To use your own models and alter the default options, run the inference.py script with the --user_input yes flag. This will enable you to provide custom paths for the model files and images, overriding the default options. For example, you can use the following path for the YOLO model: ./data/Yolo_weights/<your_model.pt>. Make sure to specify the correct paths when using the --user_input yes flag.

Command-Line Arguments

The script supports the following command-line arguments:

  • --user_input: Allows changing the default settings interactively. Accepts values yes or no. (default: no)
  • --model_path: Path to the YOLO model weight file. (default: ./data/Yolo_weights/best.pt)
  • --image_path: Path to the image file to perform inference on. (default: ./data/test_images/5-c.png)
  • --loc_model_path: Path to the localization model weight file. (default: ./data/object_loc_weights/weights_Localization_XY_YAW.pt)

Usage Examples

  1. Perform inference using default settings:

    python src/inference.py
    
  2. Perform inference with custom settings interactively:

    python src/inference.py --user_input yes
    

Note: If the --user_input flag is set to yes, the script will prompt you to enter the paths to the YOLO model weight file, image file, and localization model weight file interactively.

Usage train.py

The train.py script is used to train a specified model based on user inputs. It provides options to train either a YOLO model, a localization model, or both. This document explains how to use the script and provides examples.
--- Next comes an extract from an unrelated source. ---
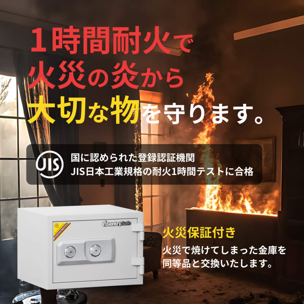 JIS規格の耐火1時間テストに合格。国に認められた登録認証機関によりJISマークの表示を認められているJIS認証製品です。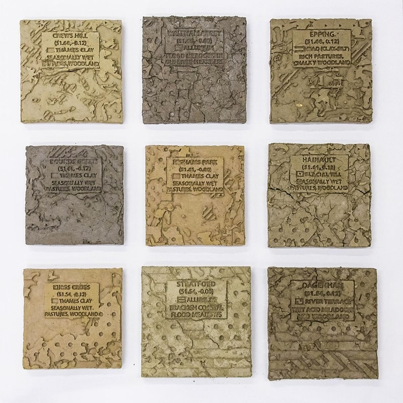 There’s a direct link from my practice in Joya, although my ambition here has been to access an audience beyond the limited confines of the art institution. I’ve made the work as sustainable as possible. The work shown inside the art gallery comprises dug-up earth samples from each of the nine points, collected via public transport and processed using recycling materials and tools (the ceramic works reduce the sustainability quotient). I’ve attempted to create a visceral and emotional experience, using earth which is drying, cracking and degrading over time.

Train Script Prerequisites

Before using the train.py script, make sure you have the following prerequisites:

YOLO Model Training:

  • Prepare the training dataset with annotated bounding box labels. The dataset can be created using tools like Roboflow.
  • You should have the API codes ready to put into the CLI

Localization Model Training:

  • Prepare the training dataset as follows: .NPZ file(s) with 3 Numpy arrays named arr_0 - arr_1 - arr_2.
    • arr_0 should contain image arrays with the following shape: (amount_items, 92, 138, 3)
    • arr_1 should contain the X for the model with the following columns:
      • column1: Boundingbox Xmin
      • column2: Boundingbox Xmax
      • column3: Boundingbox Ymin
      • column4: Boundingbox Ymax
      • column5: Classes from 0 to 4 (max 5 different classes allowed)
    • arr_2 should contain the Y for the model with the following columns:
      • column1: X Location of the item between -0,1 and 0,1
      • column2: Y Location of the item between -0,1 and 0,1
      • column3: Z Location of the item between -0,1 and 0,1
      • column4: Yaw of the items between -0,1 and 0,1

!Important Note: The number of pictures should match the number of items. So for example, if your image has 3 items, you should have 3 rows of the same image in the image array. So the row index corresponds with the items' X and Y indexes.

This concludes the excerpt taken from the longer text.